*Try it*
Without any pictures, print the lines below from the one that has "The Scosche I3B4SG" through the one that has "与之形成鲜明对比的是,煤炭板", exactly and nothing else.

*Records*
##############################
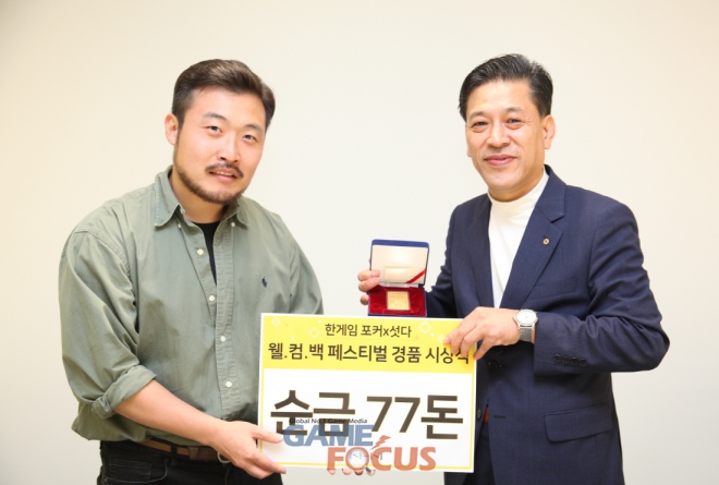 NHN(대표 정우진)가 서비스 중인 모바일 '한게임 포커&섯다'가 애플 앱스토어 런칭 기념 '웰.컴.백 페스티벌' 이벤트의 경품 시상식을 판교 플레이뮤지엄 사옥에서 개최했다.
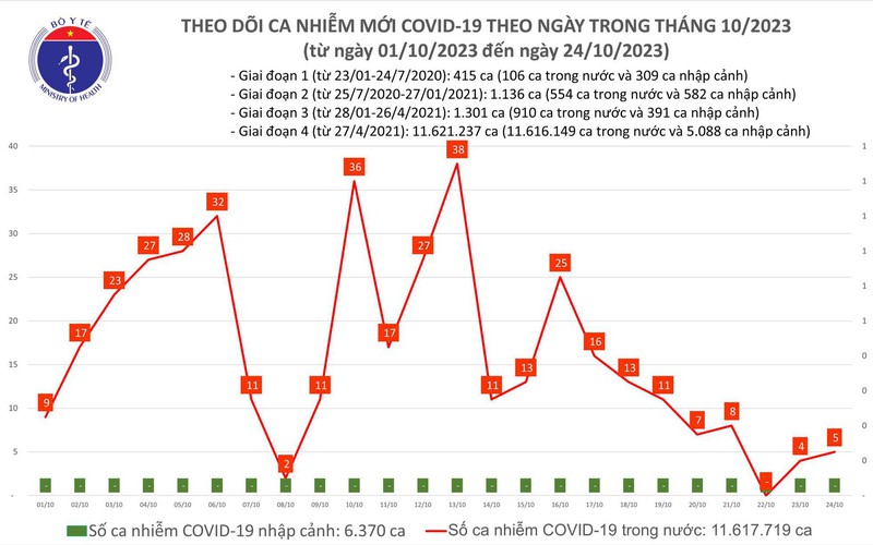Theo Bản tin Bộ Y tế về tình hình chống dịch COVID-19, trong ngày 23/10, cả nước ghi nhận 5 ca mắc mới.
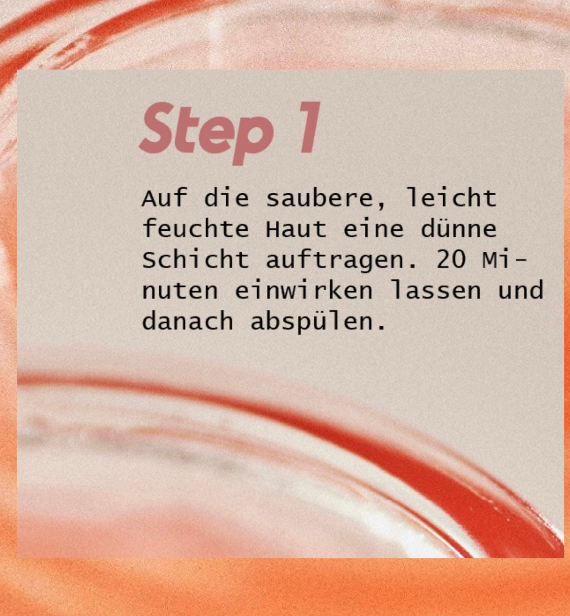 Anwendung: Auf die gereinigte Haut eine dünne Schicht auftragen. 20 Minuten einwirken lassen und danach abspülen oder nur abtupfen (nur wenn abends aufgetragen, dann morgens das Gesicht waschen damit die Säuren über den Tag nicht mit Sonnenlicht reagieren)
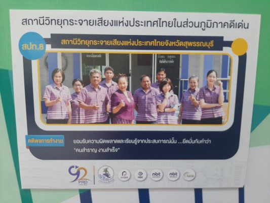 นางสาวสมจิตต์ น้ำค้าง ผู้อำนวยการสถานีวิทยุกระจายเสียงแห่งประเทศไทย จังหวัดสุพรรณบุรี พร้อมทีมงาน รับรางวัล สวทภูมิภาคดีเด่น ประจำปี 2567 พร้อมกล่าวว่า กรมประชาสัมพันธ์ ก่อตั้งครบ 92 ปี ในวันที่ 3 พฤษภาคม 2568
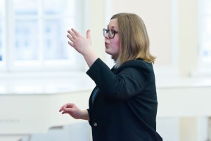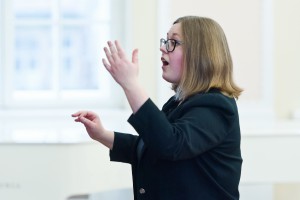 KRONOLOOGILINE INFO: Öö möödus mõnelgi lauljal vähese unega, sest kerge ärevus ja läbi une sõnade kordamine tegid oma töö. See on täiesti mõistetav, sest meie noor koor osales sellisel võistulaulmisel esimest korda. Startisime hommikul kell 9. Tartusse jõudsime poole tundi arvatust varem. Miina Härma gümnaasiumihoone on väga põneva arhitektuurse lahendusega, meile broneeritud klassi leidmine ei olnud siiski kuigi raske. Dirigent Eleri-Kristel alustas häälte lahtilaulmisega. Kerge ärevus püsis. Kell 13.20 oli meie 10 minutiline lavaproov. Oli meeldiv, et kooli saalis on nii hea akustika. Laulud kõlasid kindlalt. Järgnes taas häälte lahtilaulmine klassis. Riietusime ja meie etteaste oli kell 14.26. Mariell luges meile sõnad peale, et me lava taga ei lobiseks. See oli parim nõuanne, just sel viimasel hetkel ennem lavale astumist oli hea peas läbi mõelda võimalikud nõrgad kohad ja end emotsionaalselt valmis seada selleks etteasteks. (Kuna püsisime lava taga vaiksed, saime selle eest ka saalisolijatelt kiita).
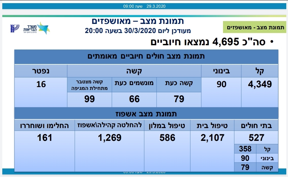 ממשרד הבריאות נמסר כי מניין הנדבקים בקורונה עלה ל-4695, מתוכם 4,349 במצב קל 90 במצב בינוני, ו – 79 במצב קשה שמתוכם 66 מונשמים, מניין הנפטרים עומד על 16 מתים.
##############################
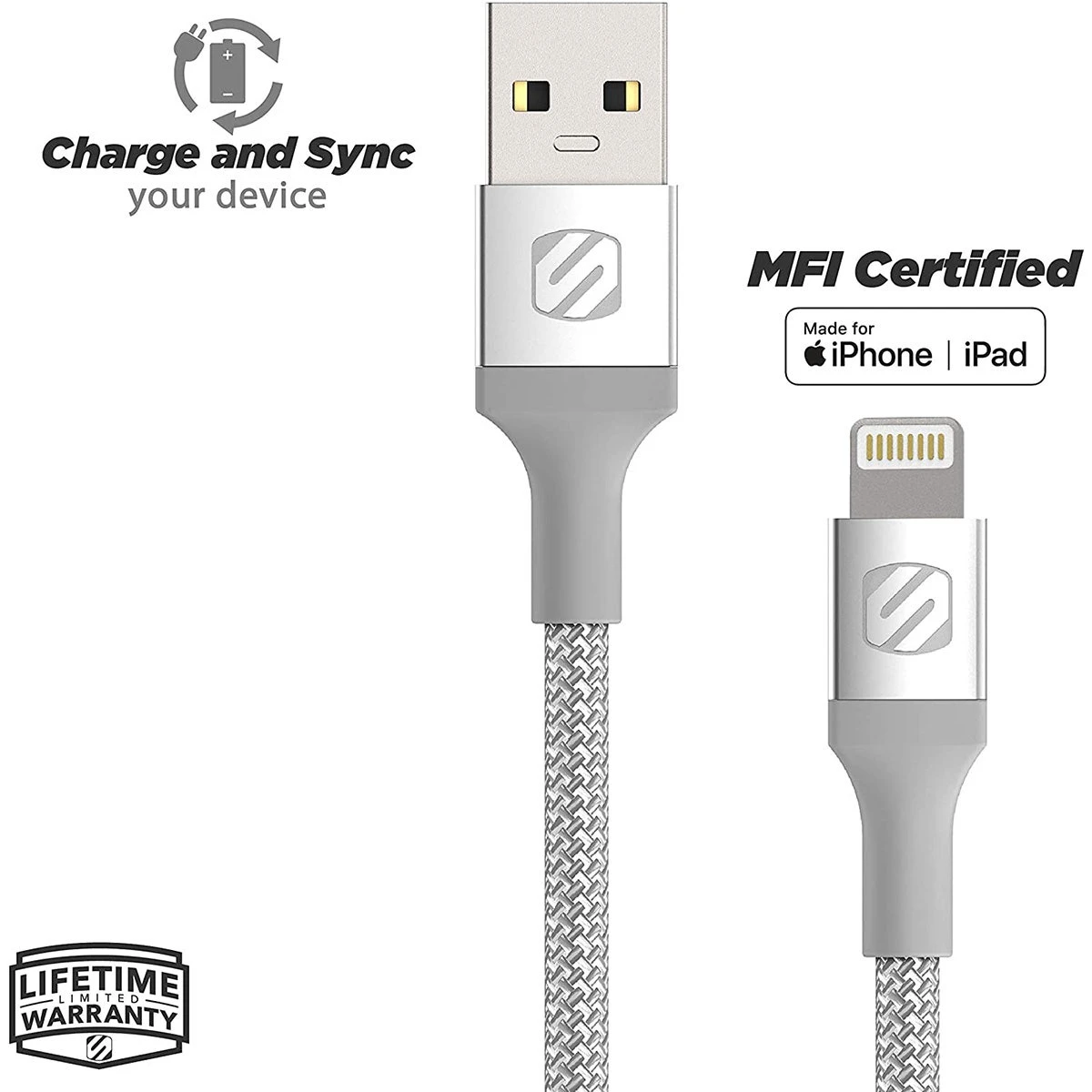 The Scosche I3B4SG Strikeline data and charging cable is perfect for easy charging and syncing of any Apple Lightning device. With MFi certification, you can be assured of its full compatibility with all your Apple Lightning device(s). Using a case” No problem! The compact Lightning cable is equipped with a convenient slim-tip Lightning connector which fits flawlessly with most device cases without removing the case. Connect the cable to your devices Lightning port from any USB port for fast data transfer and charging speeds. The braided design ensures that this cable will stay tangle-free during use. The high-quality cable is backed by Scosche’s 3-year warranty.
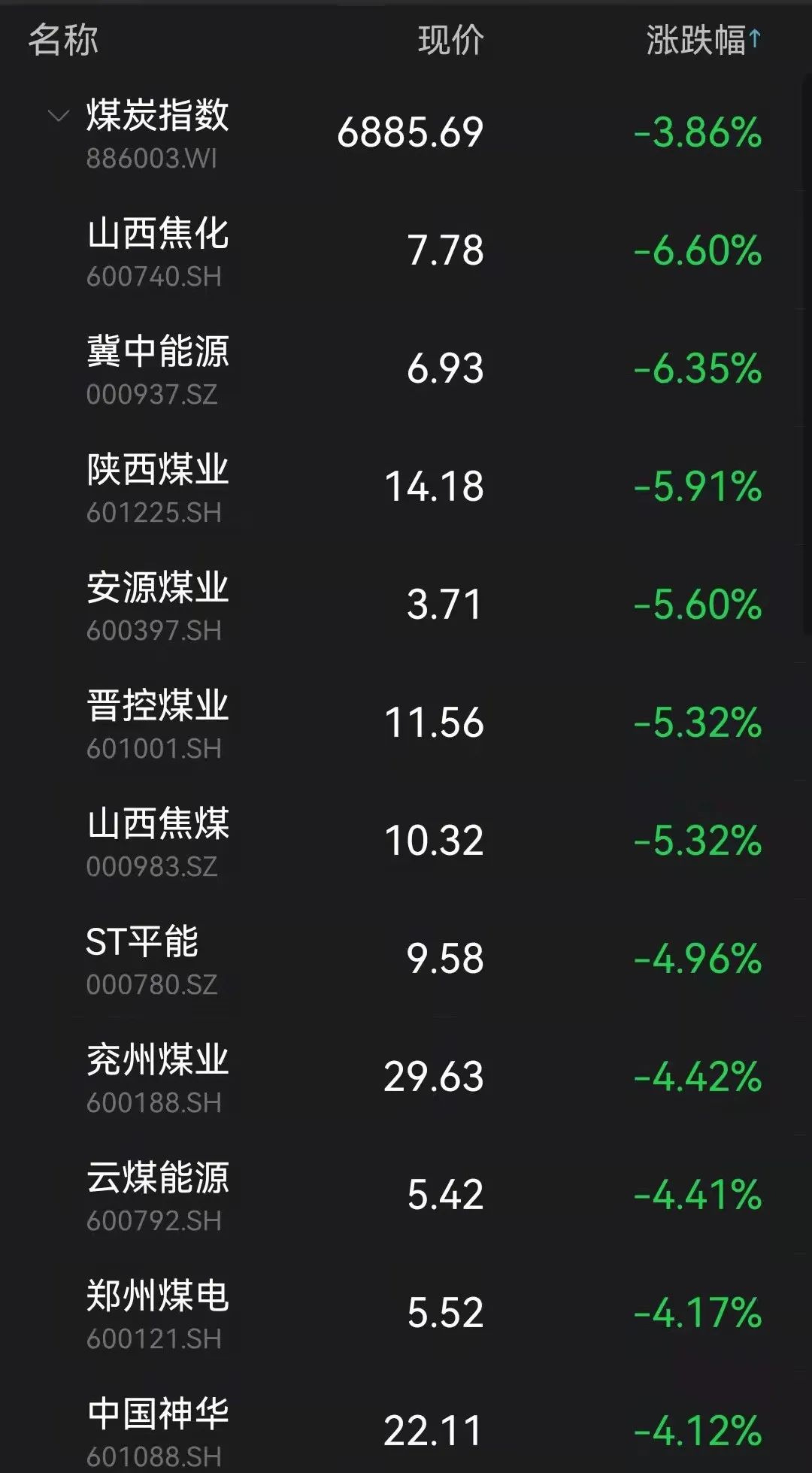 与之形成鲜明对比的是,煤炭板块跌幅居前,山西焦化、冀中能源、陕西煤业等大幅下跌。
##############################
*Result of the exercise*
 The Scosche I3B4SG Strikeline data and charging cable is perfect for easy charging and syncing of any Apple Lightning device. With MFi certification, you can be assured of its full compatibility with all your Apple Lightning device(s). Using a case” No problem! The compact Lightning cable is equipped with a convenient slim-tip Lightning connector which fits flawlessly with most device cases without removing the case. Connect the cable to your devices Lightning port from any USB port for fast data transfer and charging speeds. The braided design ensures that this cable will stay tangle-free during use. The high-quality cable is backed by Scosche’s 3-year warranty.
 与之形成鲜明对比的是,煤炭板块跌幅居前,山西焦化、冀中能源、陕西煤业等大幅下跌。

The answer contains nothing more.